# Sami languages



## LarkaFenrir

Hyvää iltaa 
I'm learning Finnish and I'd love learn Sami languages too!! I searched in Internet if there are website or books with vocabulary and grammar... but I didn't find them... is there anyone who can help me??
Kiitos paljon!!


----------



## Gavril

Hi LarkaFenrir,



LarkaFenrir said:


> Hyvää iltaa
> I'm learning Finnish and I'd love learn Sami languages too!! I searched in Internet if there are website or books with vocabulary and grammar... but I didn't find them... is there anyone who can help me??
> Kiitos paljon!!



I don't know too much about the Sami resources available on the web, but here is a page with some grammar outlines for North Sami (the Norwegian version of the page may be more complete, if you can understand Norwegian). Also, this site seems to have a fairly extensive North Sami-to-Finnish dictionary.

(By the way, I think this thread should be moved to the Other Languages forum, since this isn't a specifically Finnish-related question.)


----------



## DrWatson

University of Tromsø's Giellatekno page also has software for Saami languages like word paradigm generator and a North Saami↔Norwegian and North Saami↔Finnish dictionary. Kimberli Mäkäräinen's home page has some Saami-related resources including a North Saami to English word list.

As you may have noticed, knowledge of Norwegian, Swedish or Finnish helps a lot because most of the materials are in those languages. Moreover, if your interest is in North Saami, resources are not that hard to find whereas materials of all other Saami languages are few and far between.
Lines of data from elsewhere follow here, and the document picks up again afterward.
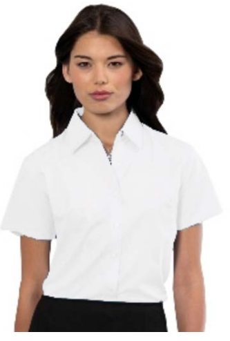
Sizes: 8 - 26

70% Cotton/ 30% polyester oxford. 135g/m2 (colours), 130g/m2 (black and white). Two button collar stand with classic shaped collar. Darts at bust-line and back for tailored fit. Rounded two button adjustable cuffs. Rounded hem. Suitable for 40° wash and tumble dry.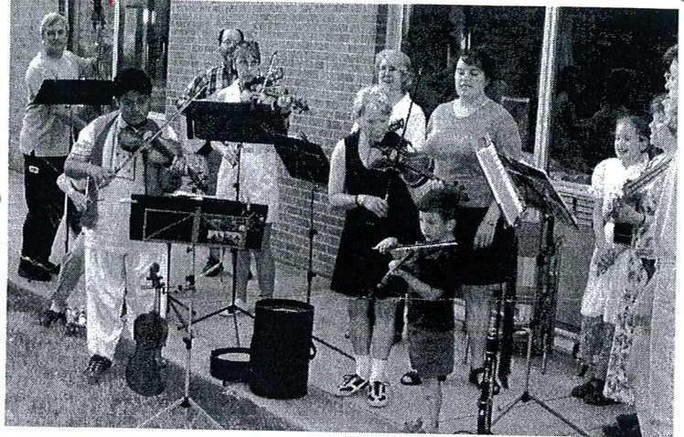
Above: Mixed Bag plays outside.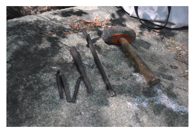
Tools of the trade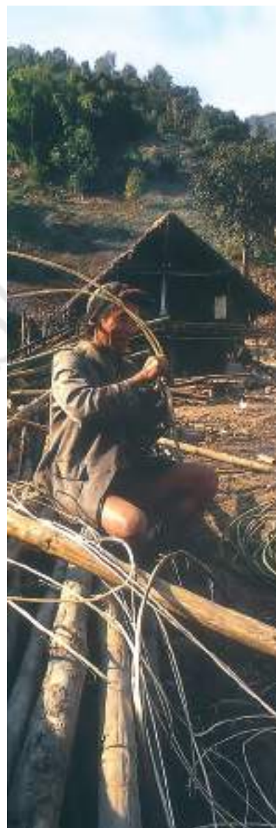
Fig. 5 – A log house being built in a village of the Nishi tribes of Arunachal Pradesh.

Bewar – A term used in Madhya Pradesh for shifting cultivation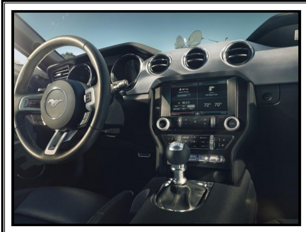
2015 Mustang dash

Here are some English resources (that I know of) for other Saami languages:

Pite Saami: A Grammar of Pite Saami by Joshua Wilbur.
Skolt Saami: A Grammar of Skolt Saami by Timothy Feist.


----------



## LarkaFenrir

Thank you soooo much Gavril and DrWatson!! Very kind and helpful 
Then I have one more reason to study Finnish and northern languages 

(Sorry if I wrote this thread here... how can I move it in the correct topic?)


----------



## Gavril

LarkaFenrir said:


> (Sorry if I wrote this thread here... how can I move it in the correct topic?)



Every post on this thread has a "!" button on the bottom-left corner. After clicking that button (on any of these posts), you can send a message to the moderator, asking the thread to be moved to the "Other Languages Forum".


----------



## AutumnOwl

Here are a few diffrent Sami dictionaries (with English): http://dicts.uit.no/


----------